There is substantial population movement across the Thai-Cambodian border that is largely driven by economics. Migrants from both Cambodia and Myanmar settle for varying periods of time in Thailand, often in search of work. The International Organization of Migration reported that Thailand has attracted increasing numbers of migrant workers, mostly from neighbouring countries with over one million registered migrant workers entering the country since 2004.

Migrant workers in Chantaburi on the Thailand side of the Thai - Cambodian border. Pix by WHO/Nat Sumon

Channels for migration, in particular labour migration, are defined by the policy of the destination country, usually in response to the demand of domestic labour markets for foreign workers. When the supply through established channels does not match the demand, irregular migration dynamics develop, and migrants enter illegally and undocumented.
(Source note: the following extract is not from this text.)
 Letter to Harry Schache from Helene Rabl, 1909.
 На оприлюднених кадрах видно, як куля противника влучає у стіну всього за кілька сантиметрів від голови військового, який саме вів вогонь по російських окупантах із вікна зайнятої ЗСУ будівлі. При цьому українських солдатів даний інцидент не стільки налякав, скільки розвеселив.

While various government ministries attempt to collect data on migrant workers, they usually have information on the number of registered migrants and those applying for work permits, but little information on the unregistered migrants. The true size of the migrant worker population in Thailand, in particular of irregular migrants, is notoriously difficult to quantify.

Rather than classifying migrant workers as documented or undocumented, the Thailand Ministry of Public Health defines migrants who have been in Thailand for more than six months as M1, and migrants who have been in Thailand for less than six months as M2.

Both M1 and M2 migrants are eligible to receive diagnosis and treatment for malaria free of charge at malaria clinics in border zones. Patients who cross the border for a day to seek treatment at the border clinics are counted among the M2. Migrants in Thailand account for a higher proportion of cases than Thai citizens, especially among the M2 migrants.